Abundance of Healthcare Quality Awards Weakens Marketing Value

Marianne Aiello, for HealthLeaders Media , May 8, 2013

One-third of US hospitals have garnered at least one distinction from a major rating group or company. With so many other organizations receiving similar accolades, how can promoting a top quality award have any real meaning?

I don't come across news articles or press releases touting a hospital or health system's quality scores as often as I used to. So when I came across an article about the quality measures that UT Southwestern Medical Center has decided to post on its website, it got me thinking.

First, the relative lack of media coverage must mean that most organizations are already listing their quality ratings online, are doing so quietly, or are moving away from the practice altogether .

MU proposed rules

Second, I was struck by this seeming contradiction: The medical center's chief quality officer told the reporter, "Some [health systems] put [quality data] out there for marketing reasons.

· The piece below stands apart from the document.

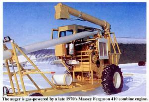 The auger is gas-powered by a late 1970's Massey Ferguson 410 combine engine. The combine was stripped down to its final drives, cab, and engine. The frame was stretched from 10 to 15 ft. behind the cab.
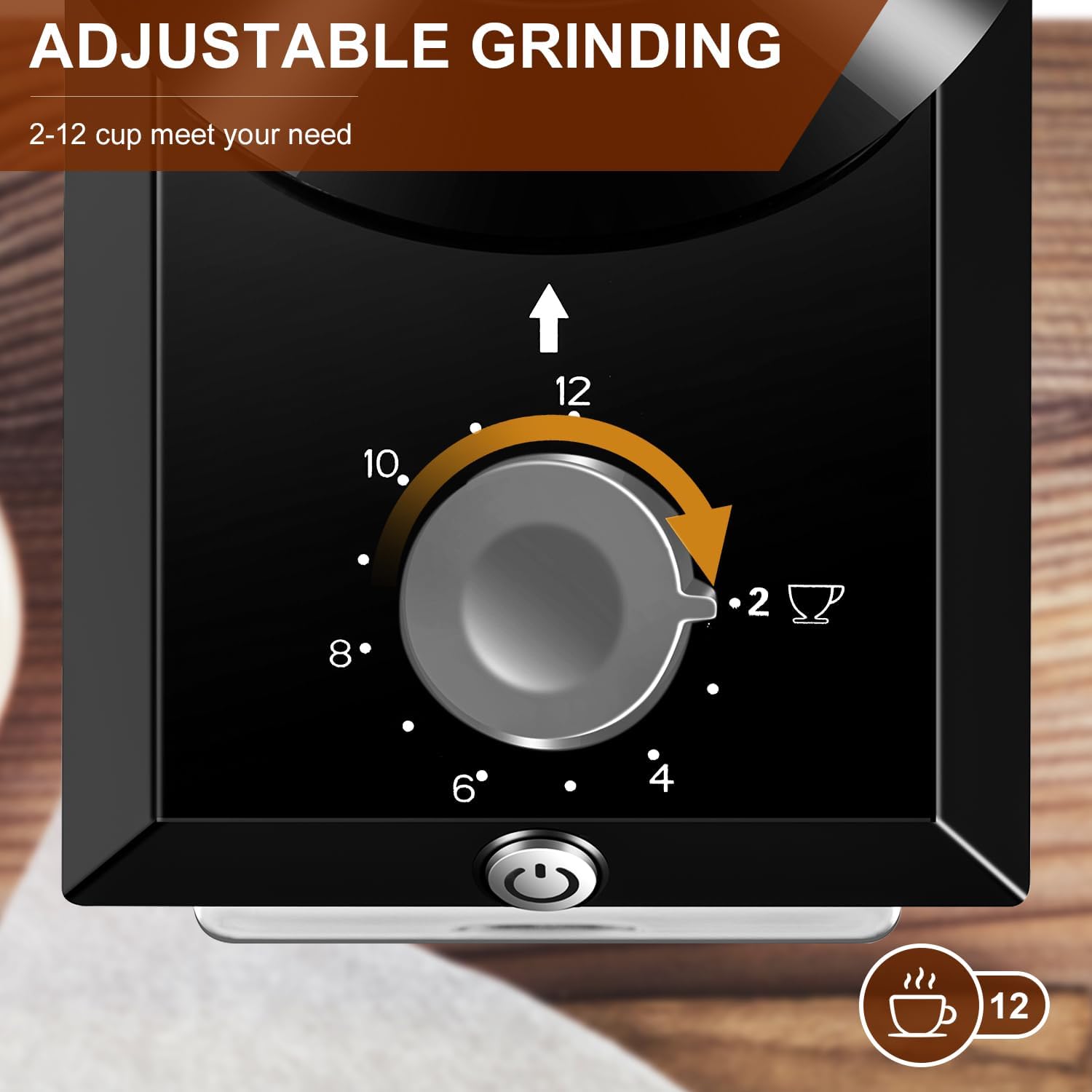 - 【Customizable for 2-12 Cups】This coffee grinder has an on-demand grinding function. According to the amount of coffee grinding you choose, from 2-12 cups, automatically grind the exact amount of coffee grounds for you.

We're just trying to help patients make choices about where they get their healthcare."

While statements like this aren't uncommon, I can't help but roll my eyes at a hospital leader telling a media outlet that he's not doing the thing that's being publicizing for marketing purposes.

But finally, and most importantly, I noticed that the article did not mention of the source of the quality metrics.

Upon further investigation on UT Southwestern's quality webpage, I discovered that it uses data from Hospital Compare, HCAHPS, Press Ganey, the University HealthSystem Consortium, the National Healthcare Safety Network, and the National Database of Nursing Quality Indicators.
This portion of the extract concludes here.